Biased Estimator for OFDMA
With Vaishnavi Adella (now at Qualcomm, India), Sai Charan Thoutam (now at Qualcomm, India)
Implemented the paper : Biased estimators with adaptive shrinkage targets for orthogonal frequency division multiple access channel estimation
Channel estimation : What and Why of it
- Channel Estimation is the means of characterising channel effects-scattering, fading and power decay
- Can be done using either decision feedback scheme or the known pilot symbols
- Here : Using user specific pilots
- Why is it crucial ?
Huge transmit power spent on it
Incorrect estimates lead to residual cancellation errors
Necessary for high data rates
The unbiased estimators and the scope for biased estimator
- Channel statistics – known
- Estimation methods such as modified least squares require wide band pilots
- Finite or large number of pilots / wide band pilots
- The two-dimensional (2D)-minimum mean square error (2D-MMSE) methods [1, 2] can be applied using the pilots in the RB. However, optimal MMSE estimator requires the knowledge of the channel statistics which are seldom known accurately at the receiver.
- MVUE-Zero bias as constraint and acheive CRLB
- ML estimate is biased in order to reduce the MSE.

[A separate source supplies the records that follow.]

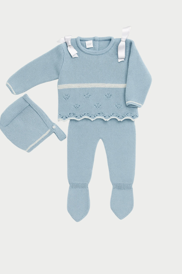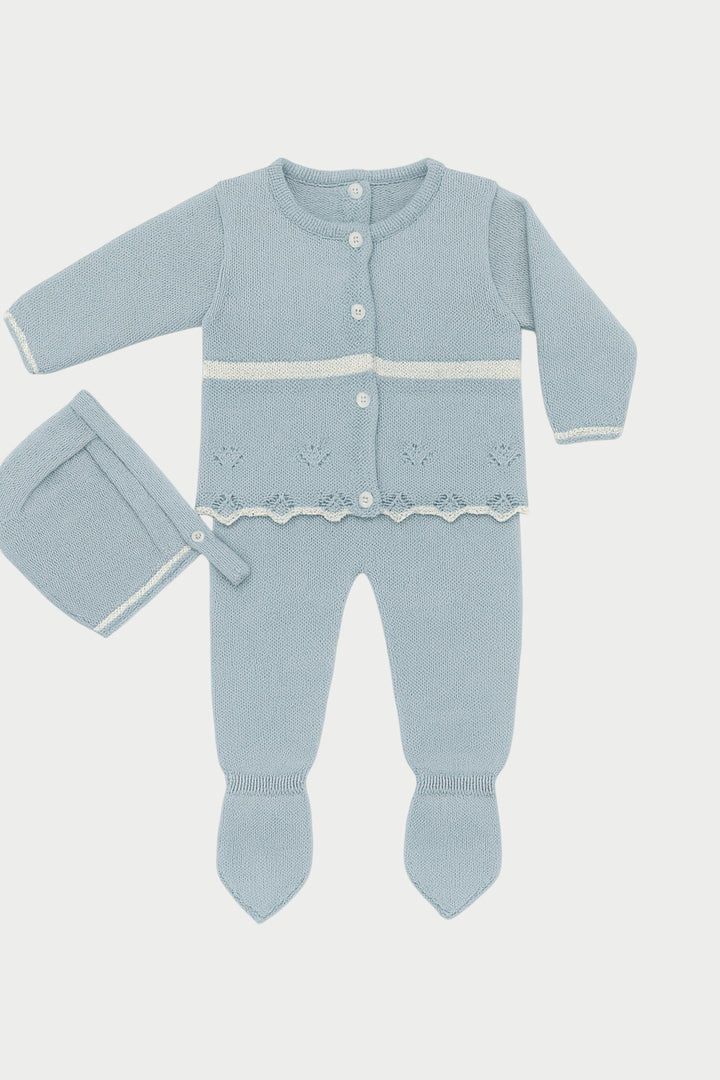 - Sweet blue wool set: knitted all-in-one with collar & bonnet
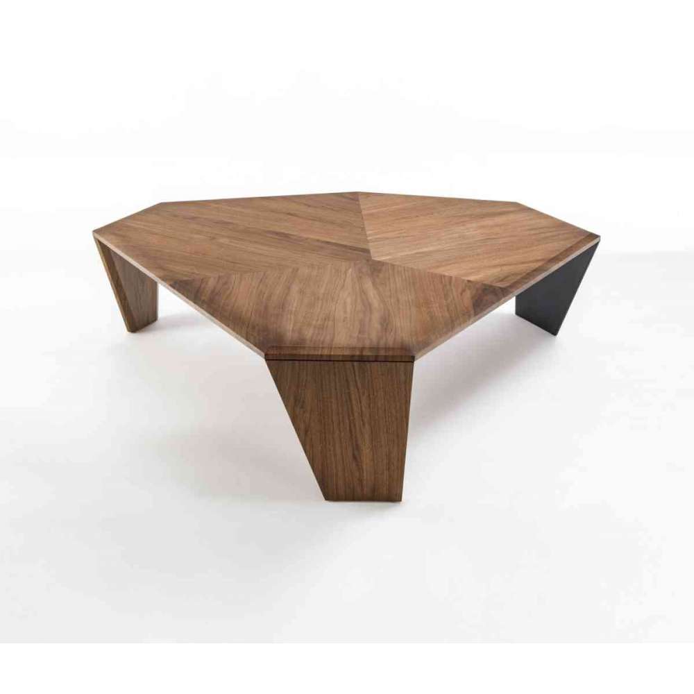 Stolik kawowy z orzecha canaletta z inkrustowanym fornirem, dwie nogi z orzecha canaletta i jedna z czarnego matowego metalu.
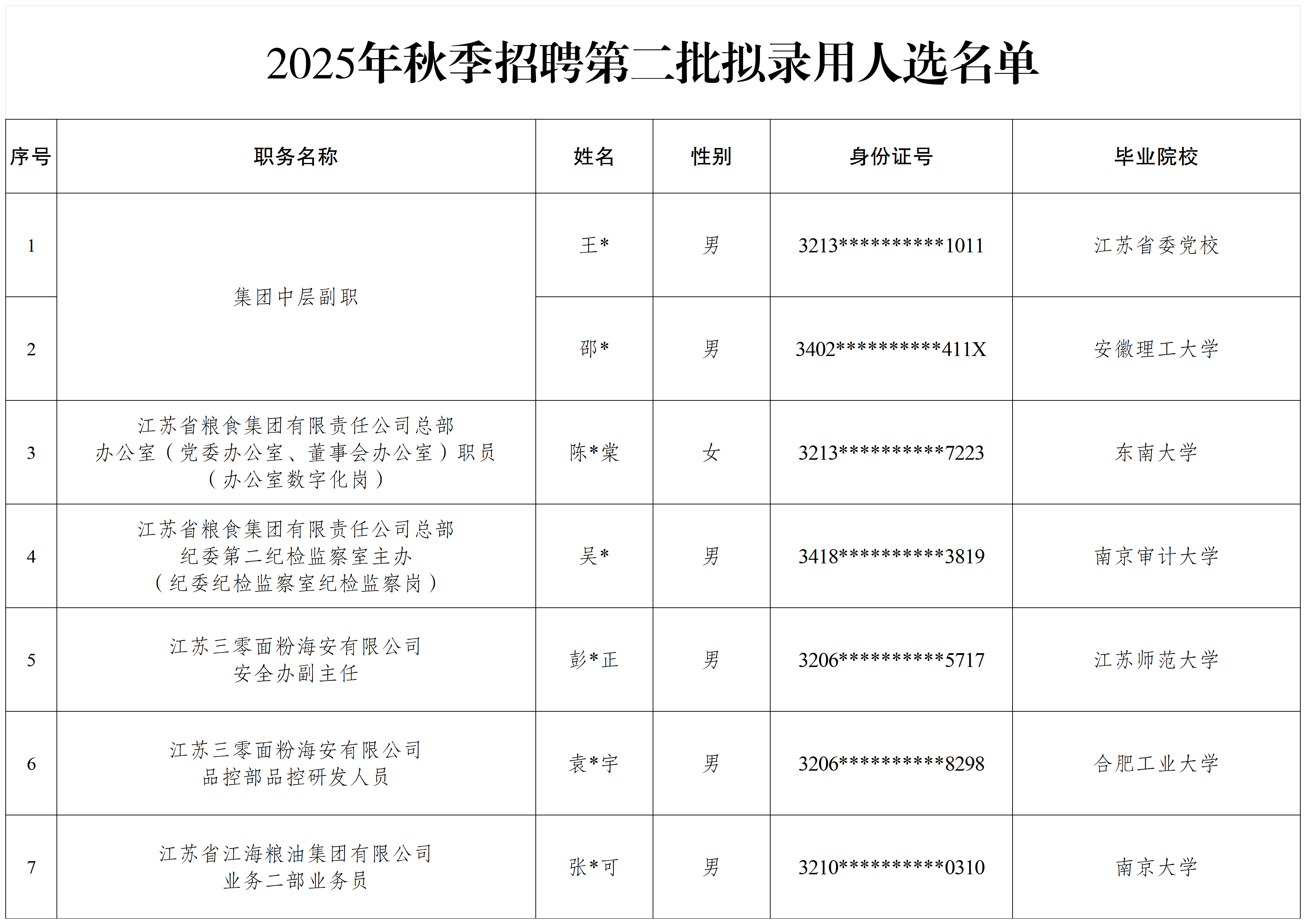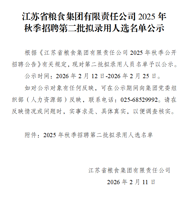 江蘇省糧食集團有限責任公司2025年秋季招聘第二批擬錄用人選名單公示

Motivation for JS estimator
- 2D-MMSE can be used when channel statistics is unknown
- Assumption: Ideally band limited and time limited uniform scattering function
Is that even possible ? Google says ‘the only time and band limited signal is zero’. A little more of research and we find: A time limited signal with most of its energy contained in the band is a good approximation for both time and band limited signal.
- 2D-MMSE : Performance degrades if the robust filter has finite number of taps [2]
- JS-estimator used to bridge the gap between robust 2D MMSE and optimal MMSE
Main contribution of the work
- Applying biased estimation techniques for localised CFR estimation
- Adaptively choosing a vector shrinkage target for the biased estimator that best reflects the time–frequency selectivity of the CFR using the aid of multiple hypothesis tests
- Choosing the thresholds for the hypothesis tests such that the probability of incorrect choice of shrinkage targets is bounded.